FOR FARMERS has said it is growing its market share in the UK’s poultrymeat and egg sector in a trading update for the first half of this year.
Revenues in the UK division of the Dutch-based business were up 5.3% in the six months to €338m, but gross profit slipped from €63.6m to €60.8m.
Total feed (which accounts for all products in For Farmers’ portfolio) sold in the UK dropped from 1.44m t to 1.39m t, when compared with the year before.
In its UK trading update, the firm said demand for feed had dropped compared with last year as more forage remained available to dairy producers after a milder winter.
Consumer demand for pigmeat remained stable, but chicken and eggs both experienced continued growth.
For Farmers said the decline in profitability was down to unfavourable raw material prices, which were not passed on to its own customers “for competitive reasons”.

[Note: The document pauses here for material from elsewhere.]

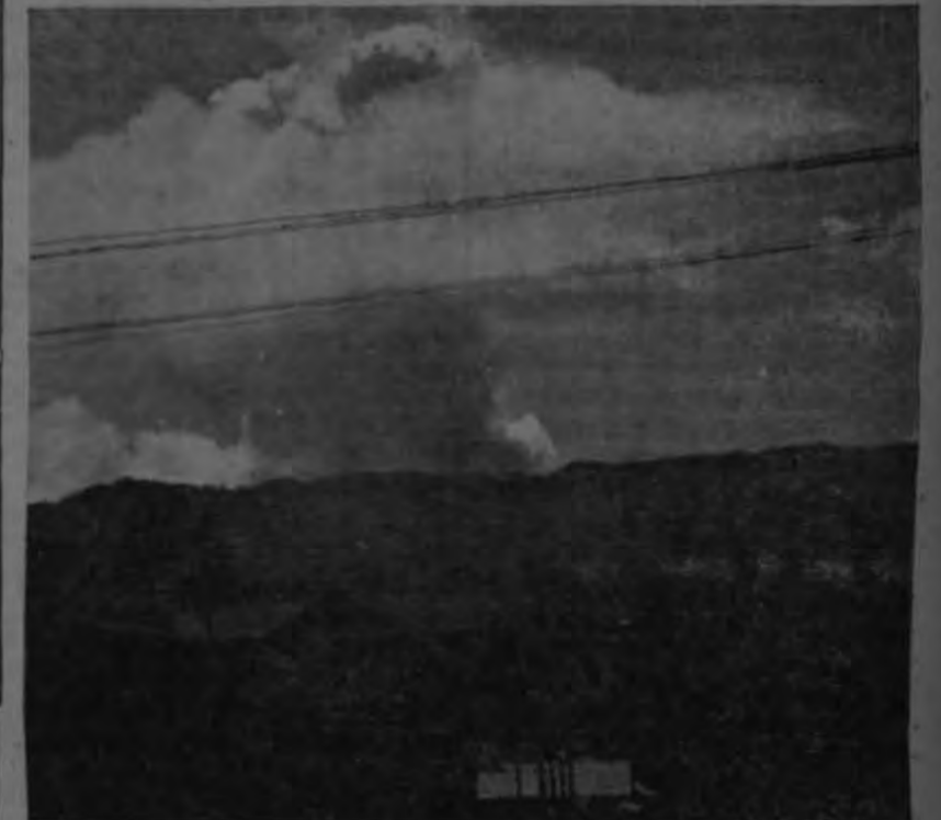
La población de aquella ciudad contempló ayer, durante tres horas consecutivas, una formidable erupción que se teme haya sido producida por el Volcán Santa Lucia.

El fenómeno produjo una temperatura extraordinariamente cálida en Cartago y pueblos vecinos.

“The resulting effect could only be partly compensated by the margin improvement arising from the tighter commercial proposition in the pig sector initiated during 2018,” the report said.
Overall revenues within the business grew 11.6% to €1.24bn, which includes an impact from acquisitions of +8.7%.
Gross profit was 1.7% lower at €214.1m. But like-for-like gross profits wer 8.6% lower “mainly because of the unfavourable purchasing position that was not passed on to customers (in the Netherlands, Belgium and the United Kingdom)”.
Underlying total operating expenses were 11.4% higher, and underlying operating profit fell almost 60% to €16m.
For Farmers chief executive, Yoram
“The acquisitions, which we made in the second-half of 2018, made a positive contribution but this was not enough to offset the negative effects of the volume decline and the unfavourable purchasing position which we experienced in the first half of the year.”
Mr Knoop also said that environmental restrictions on pig and poultry production in Germany and the Netherlands were another factor restricting growth.